Qué cansada estoy en estos días de la adultez y de tener vecinos; sobretodo de los que son así, inesperadamente otros. Qué cansada estoy en general, de este mundo en quiebre y de nosotros todos que no sabemos bien qué hacer más que correr de un lado a otro con miedo. Hablar sin pausa de lo mismo.
Pero ayer yo por primera vez no soñé con el fin del mundo, sino con él, uno de mis primeros novios, cuando aún me permitía tener muchos por que no había susto de que alguno fuera el que se quedaría por largo rato. Y los besos en el cuarto de atrás mientras era mi fiesta de cumpleaños; y yo perdiéndome toda la reunión, feliz. El tabule y el pan dulce, los tragos, el vino y las amigas que en realidad no eran; porque aparecieron sólo las que más miedo me daban. Ahora también acaba de ser mi cumpleaños, pero igual lo pasé encerrada en un cuarto, sin calentura y con ganas de estar en casa.
Yo siempre le he tenido un poco de miedo a la gente; hasta ahora lo acepto. No a las personas; ellas por lo general me enternecen porque con un poco de tiempo siempre queda al descubierto esa grieta por la cual dejamos ver cómo nació nuestro dolor y nuestra rabia. Pero la gente, me causa temor y una especie de incomoda tristeza que me surge en el pecho y de prisa se me esparce por todo el cuerpo. La inconsistencia, el cambio, ese no poder entrar nunca por completo. Después quiero ganármelas, saber que he hecho bien, y reconozco mi parte insegura que siempre está convencida de que el error, cual séase, es siempre mío.
Y estoy cansada también de eso, de hacerlo todo para que la gente que no quiere me quiera. De convertir la realidad del rechazo en una conquista, desgastándome de a poco con el mal que me camina por los huesos, llegando siempre a la incomprensión, el punto del llanto, a este encerrarme en cuartos con la gente que sé que quiere estar conmigo. Encerrarme en casas, en cuarentenas, en países lejanos. Quiero decirles: entiendo, espero que estén bien, pero no, en realidad desearía que no me importara.

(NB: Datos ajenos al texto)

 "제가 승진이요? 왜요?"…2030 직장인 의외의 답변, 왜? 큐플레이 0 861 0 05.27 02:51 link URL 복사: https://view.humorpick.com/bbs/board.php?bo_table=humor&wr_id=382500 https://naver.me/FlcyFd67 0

Yo quería hablar de él, no de esto que cada vez que surge me va masticando el día: los vecinos que me gritan con un resentimiento de meses o la amiga de hace tiempo que no aparece. Y dentro del sueño, tenía en mi cuerpo el poder de hacerlo todo de hielo, por lo que decidí sellar la puerta con una capa helada y gozarlo a él que me besaba como solo se besa a los dieciséis años. Y salir con su camisa puesta, aunque no hubiera pasado nada, para decir que sí, para verme como una más de esas de las telenovelas, para acercarme a él, aunque me alejara de todos los otros.

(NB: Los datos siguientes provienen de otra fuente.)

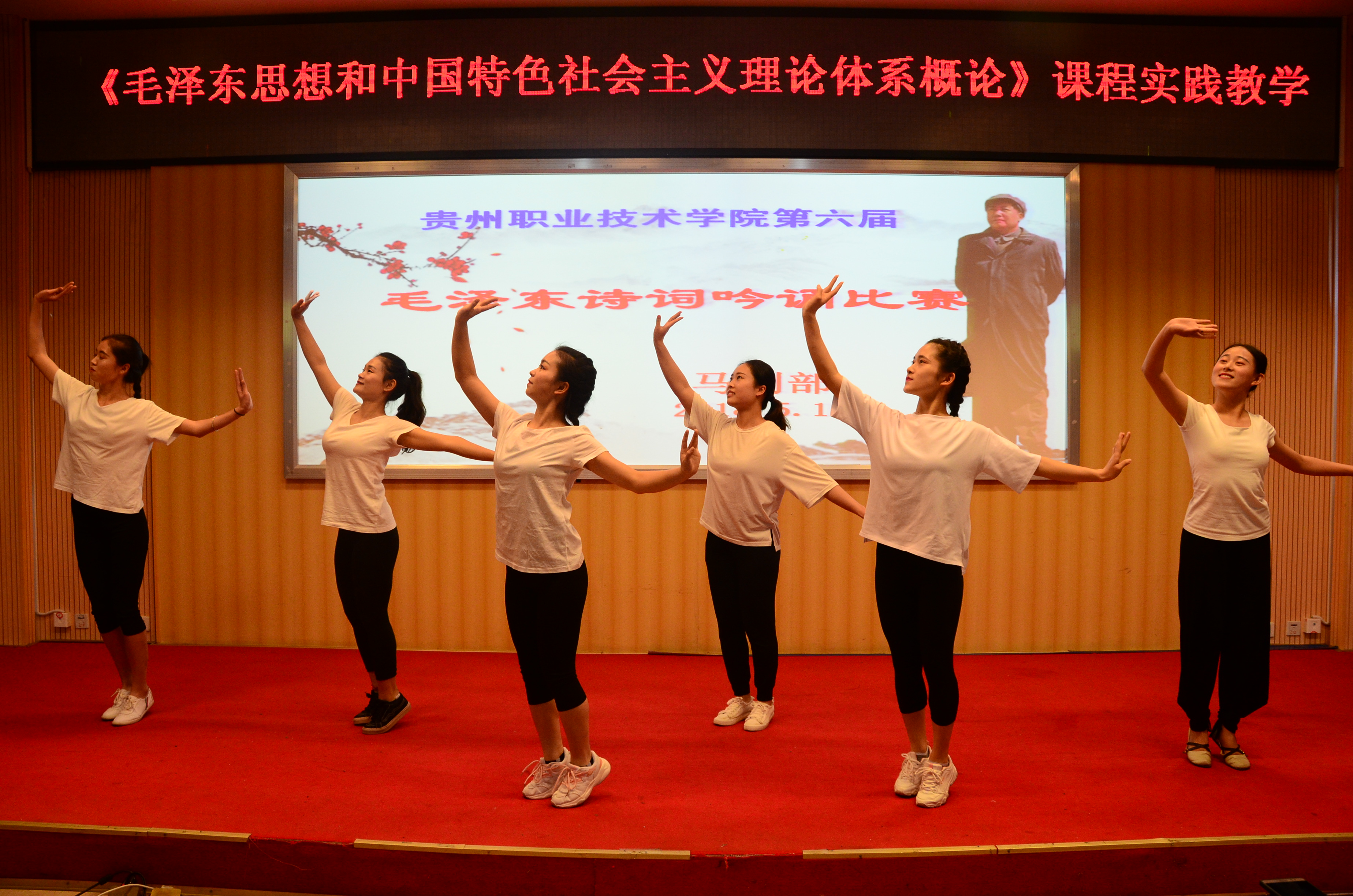 为了提高节目的质量,本学期承担《毛泽东思想和中国特色社会主义理论概论》课程的老师,利用课余时间在班级进行初赛、排练,每个大班报送一个节目参加比赛。通过对伟人诗词的吟诵,感受伟人精神,既可以增强同学们对理论知识的理解,又能发挥校园文化的育人作用,有利于培养学生综合素质,提升思政课教育教学效果,进一步增强思政课教学的针对性和亲和力。

Me reconozco buena estando en dúo, porque los grupos nunca han sido lo mío; las grandes congregaciones, las fiestas, los momentos en donde se es tantos que ya nadie se escucha y yo estoy lista para irme a casa. Me hago vieja quizá no aceptando, pero entendiendo que hay cosas de uno que no se cambian tan fácil, como mis anchas caderas o el hecho de que me siento más ligera cuando somos pocos. Cuando es muy poco lo que se me esconde. Cuando puedo confiar en el otro que me rodea, y la cercanía es ligera, íntima, honesta y clara. Estoy cansada de la gente que siendo así, de miles de modos como somos todos, no logra inclinarse hacia la transparencia. Pero más cansada estoy de mí, que aún a mis treinta y tres años, tan inocentemente, aun creo que puedo cambiar al mundo.
Yo aún lloro a lagrima tendida cuando alguien que yo creía me quería, no lo hace.